An exact transcription of the records is required, minus any images.

Stored records
· · · · ·
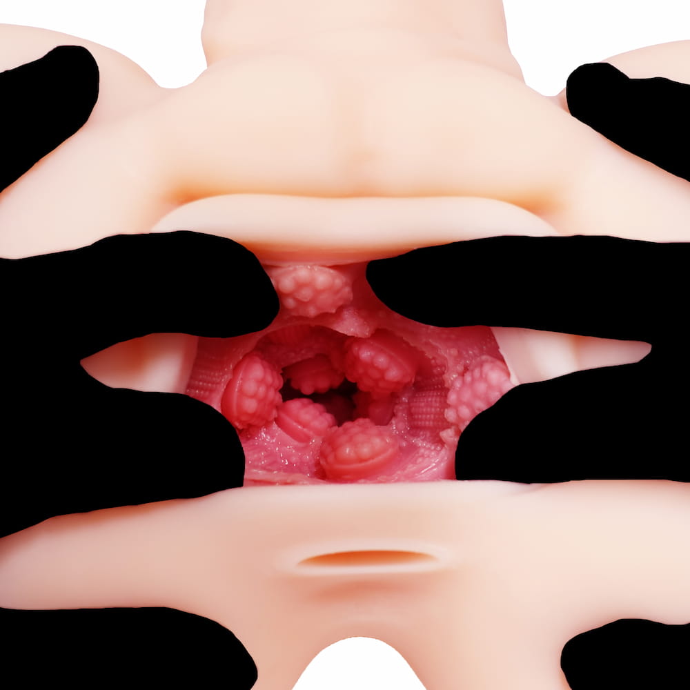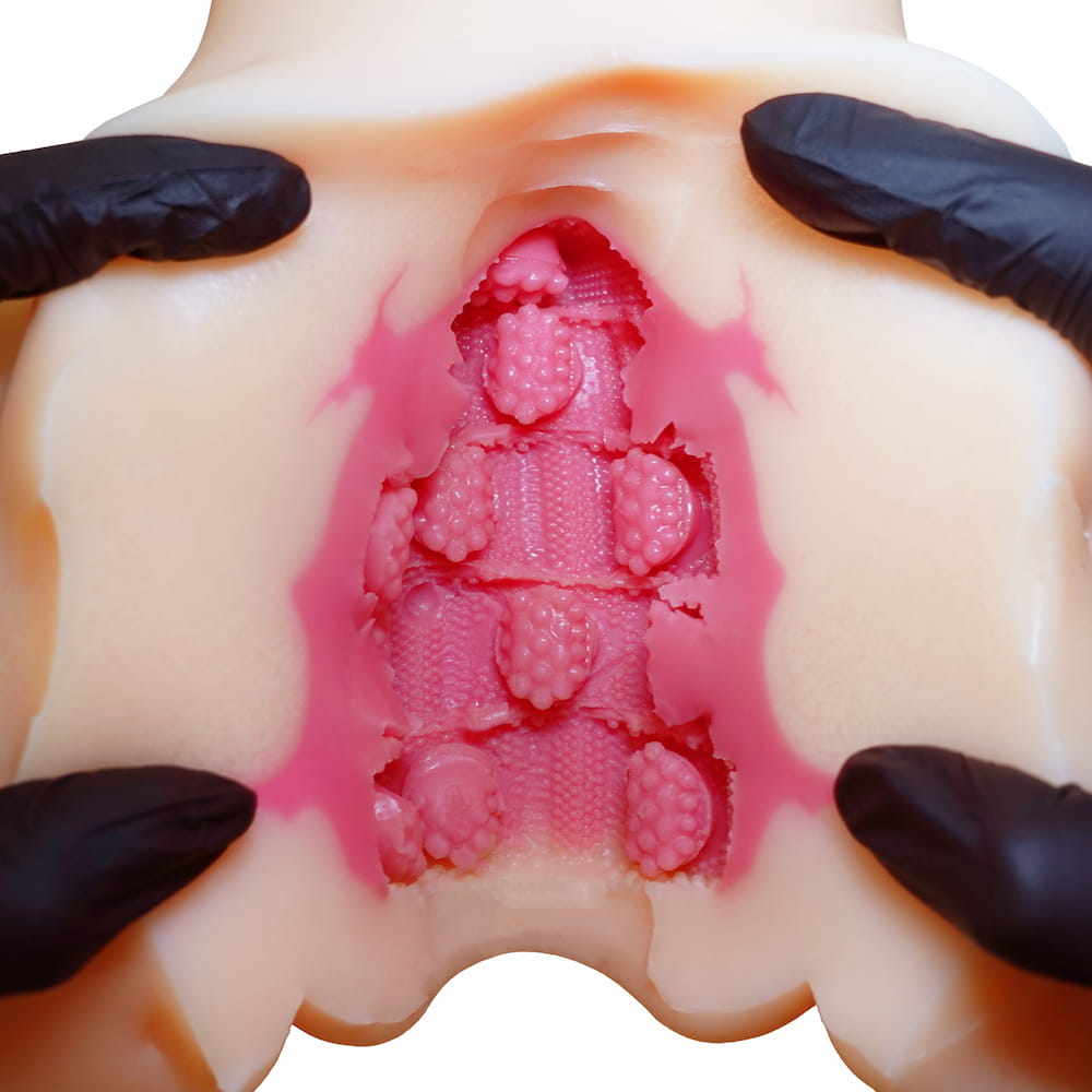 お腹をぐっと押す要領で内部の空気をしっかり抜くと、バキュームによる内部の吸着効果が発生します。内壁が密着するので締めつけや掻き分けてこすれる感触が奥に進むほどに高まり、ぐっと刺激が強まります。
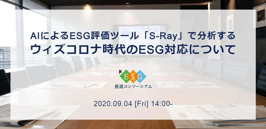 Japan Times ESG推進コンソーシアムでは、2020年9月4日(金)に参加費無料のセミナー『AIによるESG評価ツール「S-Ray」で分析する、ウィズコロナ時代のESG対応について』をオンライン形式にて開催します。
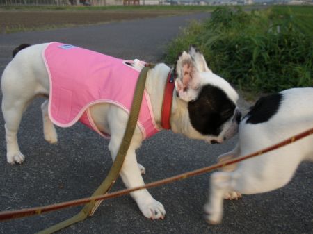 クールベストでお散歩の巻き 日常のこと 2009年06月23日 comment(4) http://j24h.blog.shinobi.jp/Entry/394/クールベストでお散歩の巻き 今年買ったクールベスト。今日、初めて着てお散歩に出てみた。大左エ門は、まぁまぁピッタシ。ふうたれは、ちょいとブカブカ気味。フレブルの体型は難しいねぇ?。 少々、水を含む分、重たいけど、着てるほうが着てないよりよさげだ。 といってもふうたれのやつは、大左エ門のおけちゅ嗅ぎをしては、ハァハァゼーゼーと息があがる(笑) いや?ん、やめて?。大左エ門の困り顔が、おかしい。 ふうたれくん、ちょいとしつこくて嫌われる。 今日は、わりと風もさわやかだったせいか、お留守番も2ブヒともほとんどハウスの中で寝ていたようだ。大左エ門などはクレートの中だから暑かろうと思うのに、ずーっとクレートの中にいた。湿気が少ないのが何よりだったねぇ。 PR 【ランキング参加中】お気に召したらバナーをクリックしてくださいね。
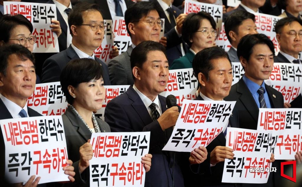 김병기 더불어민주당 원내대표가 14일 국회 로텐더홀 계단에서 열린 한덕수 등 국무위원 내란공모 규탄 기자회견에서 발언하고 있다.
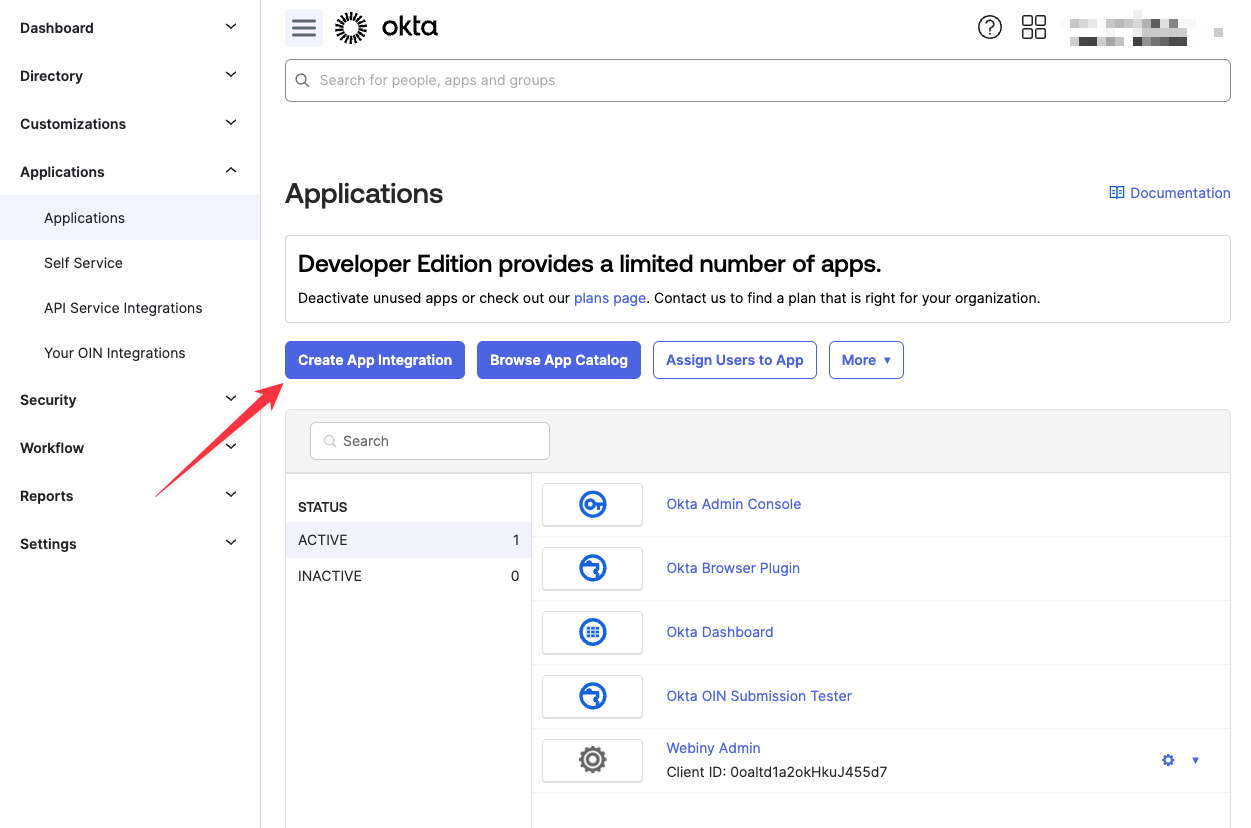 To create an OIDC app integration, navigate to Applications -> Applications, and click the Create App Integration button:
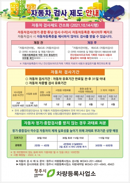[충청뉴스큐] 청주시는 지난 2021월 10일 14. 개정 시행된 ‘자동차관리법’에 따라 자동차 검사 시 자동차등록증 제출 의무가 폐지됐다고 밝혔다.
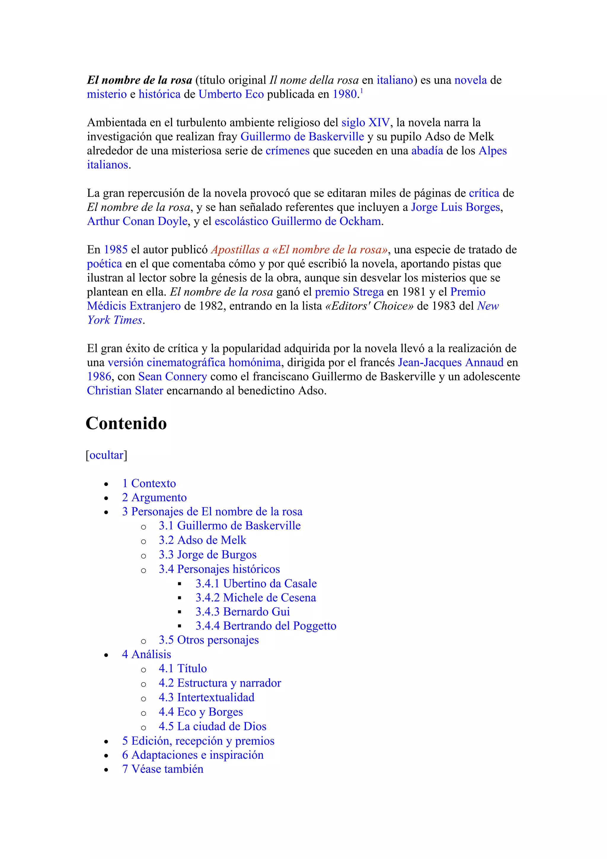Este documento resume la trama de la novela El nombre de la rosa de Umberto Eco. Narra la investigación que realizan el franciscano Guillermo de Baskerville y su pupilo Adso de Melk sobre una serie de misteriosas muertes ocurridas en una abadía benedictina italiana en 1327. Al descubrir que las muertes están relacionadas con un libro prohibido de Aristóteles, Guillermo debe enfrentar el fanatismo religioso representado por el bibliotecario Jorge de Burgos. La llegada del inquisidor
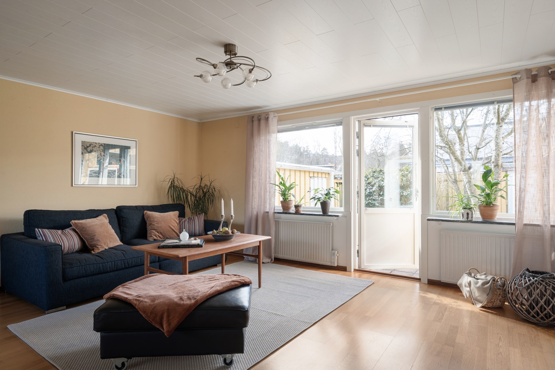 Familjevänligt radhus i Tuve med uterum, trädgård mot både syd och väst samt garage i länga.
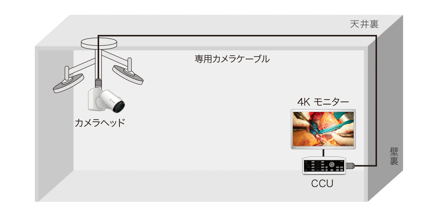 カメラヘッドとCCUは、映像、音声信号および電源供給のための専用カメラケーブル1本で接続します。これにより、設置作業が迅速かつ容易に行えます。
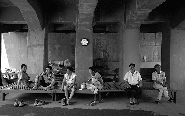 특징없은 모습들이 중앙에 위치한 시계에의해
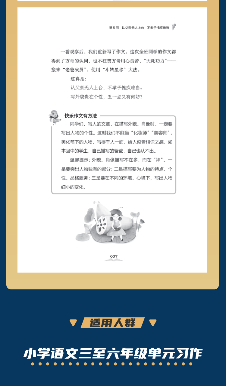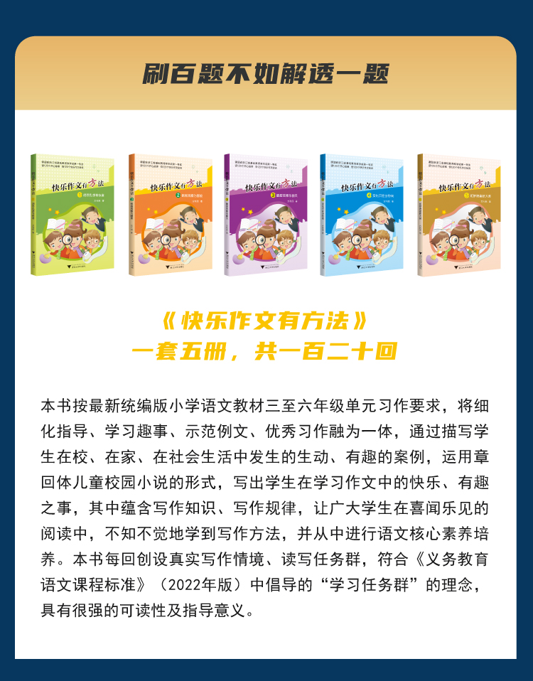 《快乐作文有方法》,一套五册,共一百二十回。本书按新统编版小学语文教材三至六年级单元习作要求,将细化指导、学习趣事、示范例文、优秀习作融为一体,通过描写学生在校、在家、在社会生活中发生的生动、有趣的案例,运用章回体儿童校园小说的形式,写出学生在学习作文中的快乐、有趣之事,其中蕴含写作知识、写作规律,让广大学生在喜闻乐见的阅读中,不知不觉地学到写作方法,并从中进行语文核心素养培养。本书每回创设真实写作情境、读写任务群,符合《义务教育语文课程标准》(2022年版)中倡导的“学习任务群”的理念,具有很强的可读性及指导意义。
· · · · ·
SOLUTION
 お腹をぐっと押す要領で内部の空気をしっかり抜くと、バキュームによる内部の吸着効果が発生します。内壁が密着するので締めつけや掻き分けてこすれる感触が奥に進むほどに高まり、ぐっと刺激が強まります。
 Japan Times ESG推進コンソーシアムでは、2020年9月4日(金)に参加費無料のセミナー『AIによるESG評価ツール「S-Ray」で分析する、ウィズコロナ時代のESG対応について』をオンライン形式にて開催します。
 クールベストでお散歩の巻き 日常のこと 2009年06月23日 comment(4) http://j24h.blog.shinobi.jp/Entry/394/クールベストでお散歩の巻き 今年買ったクールベスト。今日、初めて着てお散歩に出てみた。大左エ門は、まぁまぁピッタシ。ふうたれは、ちょいとブカブカ気味。フレブルの体型は難しいねぇ?。 少々、水を含む分、重たいけど、着てるほうが着てないよりよさげだ。 といってもふうたれのやつは、大左エ門のおけちゅ嗅ぎをしては、ハァハァゼーゼーと息があがる(笑) いや?ん、やめて?。大左エ門の困り顔が、おかしい。 ふうたれくん、ちょいとしつこくて嫌われる。 今日は、わりと風もさわやかだったせいか、お留守番も2ブヒともほとんどハウスの中で寝ていたようだ。大左エ門などはクレートの中だから暑かろうと思うのに、ずーっとクレートの中にいた。湿気が少ないのが何よりだったねぇ。 PR 【ランキング参加中】お気に召したらバナーをクリックしてくださいね。
 김병기 더불어민주당 원내대표가 14일 국회 로텐더홀 계단에서 열린 한덕수 등 국무위원 내란공모 규탄 기자회견에서 발언하고 있다.
 To create an OIDC app integration, navigate to Applications -> Applications, and click the Create App Integration button:
[충청뉴스큐] 청주시는 지난 2021월 10일 14. 개정 시행된 ‘자동차관리법’에 따라 자동차 검사 시 자동차등록증 제출 의무가 폐지됐다고 밝혔다.
Este documento resume la trama de la novela El nombre de la rosa de Umberto Eco. Narra la investigación que realizan el franciscano Guillermo de Baskerville y su pupilo Adso de Melk sobre una serie de misteriosas muertes ocurridas en una abadía benedictina italiana en 1327. Al descubrir que las muertes están relacionadas con un libro prohibido de Aristóteles, Guillermo debe enfrentar el fanatismo religioso representado por el bibliotecario Jorge de Burgos. La llegada del inquisidor
 Familjevänligt radhus i Tuve med uterum, trädgård mot både syd och väst samt garage i länga.
 カメラヘッドとCCUは、映像、音声信号および電源供給のための専用カメラケーブル1本で接続します。これにより、設置作業が迅速かつ容易に行えます。
 특징없은 모습들이 중앙에 위치한 시계에의해
 《快乐作文有方法》,一套五册,共一百二十回。本书按新统编版小学语文教材三至六年级单元习作要求,将细化指导、学习趣事、示范例文、优秀习作融为一体,通过描写学生在校、在家、在社会生活中发生的生动、有趣的案例,运用章回体儿童校园小说的形式,写出学生在学习作文中的快乐、有趣之事,其中蕴含写作知识、写作规律,让广大学生在喜闻乐见的阅读中,不知不觉地学到写作方法,并从中进行语文核心素养培养。本书每回创设真实写作情境、读写任务群,符合《义务教育语文课程标准》(2022年版)中倡导的“学习任务群”的理念,具有很强的可读性及指导意义。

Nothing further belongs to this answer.